The player's last 30 games scoring:
25, 18, 30, 22, 27, 15, 32, 20, 24, 28,
19, 26, 21, 33, 17, 29, 23, 16, 31, 24,
20, 27, 22, 35, 18, 26, 23, 14, 30, 25
(a) Calculate the mean, median, and standard deviation.
(b) What percentage of games did the player score over 22.5?
(c) Calculate the z-score for 22.5 and the corresponding probability assuming normality.
(d) The -115 over price implies a probability of 53.5%. The -105 under price implies 51.2%. Is there value on either side?
(e) Split the data into first 15 and last 15 games. Is there a trend? How does recent form affect your analysis?
(f) Write Python code to perform this complete analysis and output a recommendation.
Exercise 28: Cross-Sport Comparison
You want to determine which sport offers the most predictable outcomes for betting purposes. Analyze the following data showing the favorite's margin of victory across 20 games in each sport:
NFL:
7, -3, 14, 1, -7, 10, 3, -14, 21, -1, 6, -10, 17, 4, -6, 8, 2, -3, 11, 5
NBA:
5, -2, 12, 3, -8, 7, 1, -5, 15, -3, 8, -1, 10, 6, -4, 9, 2, -7, 11, 4
MLB (run line of -1.5):
2, -1, 4, -3, 1, 3, -2, -4, 5, 0, 2, -1, 3, 1, -3, 4, -2, 1, 2, -1
NHL (puck line of -1.5):
1, -2, 3, -1, 2, -3, 1, -2, 4, 0, 1, -1, 2, -2, 3, 1, -1, -3, 2, 1
(a) For each sport, calculate: mean, standard deviation, CV, and the percentage of games the favorite won outright.
(b) Which sport has the highest favorite win rate? Which has the most variance in margin?
(c) Calculate the Sharpe ratio for each sport: (mean margin) / (std of margin).
(d) Based on your analysis, in which sport is it most efficient to bet favorites?
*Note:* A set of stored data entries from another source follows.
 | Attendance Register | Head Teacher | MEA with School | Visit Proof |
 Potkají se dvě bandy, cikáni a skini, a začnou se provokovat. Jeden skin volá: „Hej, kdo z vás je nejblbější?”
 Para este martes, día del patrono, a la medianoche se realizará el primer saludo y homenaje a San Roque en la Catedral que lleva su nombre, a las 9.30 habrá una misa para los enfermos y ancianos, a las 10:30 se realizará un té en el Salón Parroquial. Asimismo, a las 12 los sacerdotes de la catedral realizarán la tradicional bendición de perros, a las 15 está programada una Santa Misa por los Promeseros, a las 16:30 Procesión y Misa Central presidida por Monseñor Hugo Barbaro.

Explain using descriptive statistics.
Exercise 29: Detecting Line Movement Value
The following data shows opening and closing spreads for 15 NFL games, along with the actual margin:
| Game | Open Spread | Close Spread | Actual Margin |
|---|---|---|---|
| 1 | -3.0 | -3.5 | -7 |
| 2 | -7.0 | -6.0 | +3 |
| 3 | -1.0 | -2.5 | -10 |
| 4 | -5.5 | -7.0 | -14 |
| 5 | -3.0 | -3.0 | +1 |
| 6 | -10.0 | -8.5 | -6 |
| 7 | -4.5 | -6.0 | -3 |
| 8 | -2.5 | -3.0 | -8 |
| 9 | -6.0 | -7.5 | -12 |
| 10 | -1.0 | -1.0 | +4 |
| 11 | -8.0 | -9.5 | -7 |
| 12 | -3.5 | -5.0 | -9 |
| 13 | -6.5 | -6.0 | -2 |
| 14 | -4.0 | -3.0 | +1 |
| 15 | -7.0 | -8.5 | -10 |
Note: Negative margin means the favorite won.
(a) Calculate the ATS record for the favorite using opening spreads vs. closing spreads.
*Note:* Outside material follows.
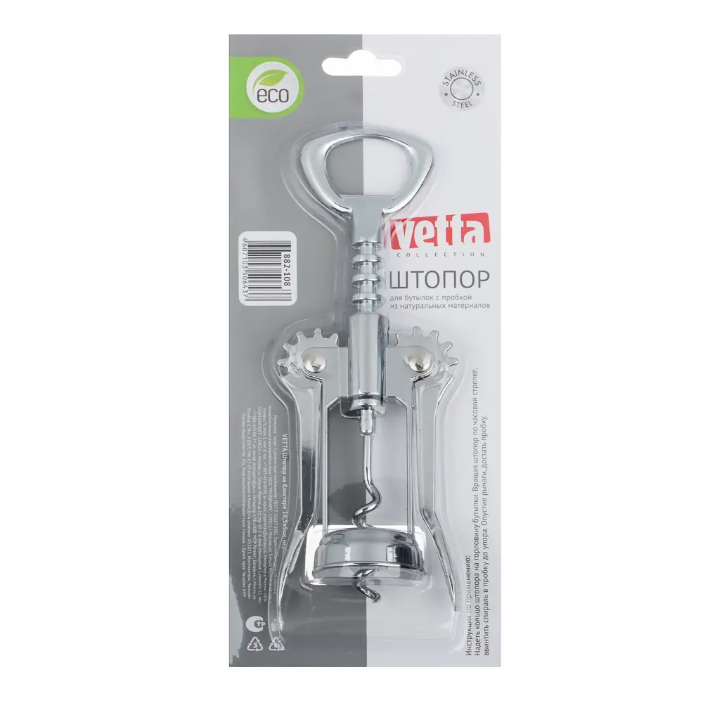 Штопор VETTA на блистере предназначен для откупоривания бутылок с пробкой из натуральных материалов. Верхняя часть штопора также является открывалкой для бутылок. Изделие изготовлено из качественное нержавеющей стали, эффективно открывает бутылки, не требуя физических усилий.

(b) Calculate the mean and standard deviation of ATS margins for both opening and closing spreads.
(c) Is there a correlation between line movement (close - open) and the ATS margin using closing lines?
(d) Do closing lines appear more accurate than opening lines? Quantify the difference.
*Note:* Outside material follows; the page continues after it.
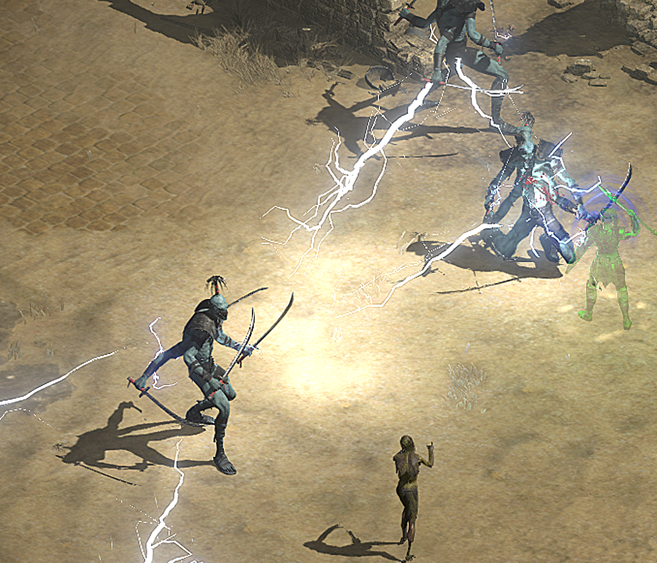 Such a warrior is able to call upon the Goddess' might to destroy her enemies, unleashing a bolt of lighting that arcs from foe to foe.

(e) Write Python code to analyze line movement patterns and determine if betting "into the steam" (following the line movement) is profitable.
Exercise 30: Comprehensive Season Analysis
Write a complete Python program that performs a season-long descriptive statistics analysis. The program should:
-
Data Generation: Create a realistic simulated 17-game NFL season for 8 teams, with each game including: points scored, points allowed, yards gained, yards allowed, turnovers, and time of possession.
-
Team-Level Analysis: For each team, calculate: - All measures of central tendency for points scored - All measures of variability for point differential - Skewness and kurtosis of scoring distribution - Home vs. away splits with statistical comparison
-
League-Level Analysis: - Correlation matrix of all statistics vs. win percentage - Ranking of teams by consistency (CV of point differential) - League-wide scoring distribution with normality tests
-
Betting Analysis: - Simulated spreads and ATS performance - Over/under analysis with value detection - Identification of most and least predictable teams
-
Visualization Suite: - League-wide scoring histogram - Team consistency comparison (box plots) - Correlation heatmap - ATS performance chart - Rolling averages for each team
The program should output a complete report with all statistics, visualizations, and betting recommendations.
Solutions
Solutions for all exercises are available in the accompanying Python file:
code/exercise-solutions.py
For exercises requiring written explanations, reference answers are provided as comments within the solution code.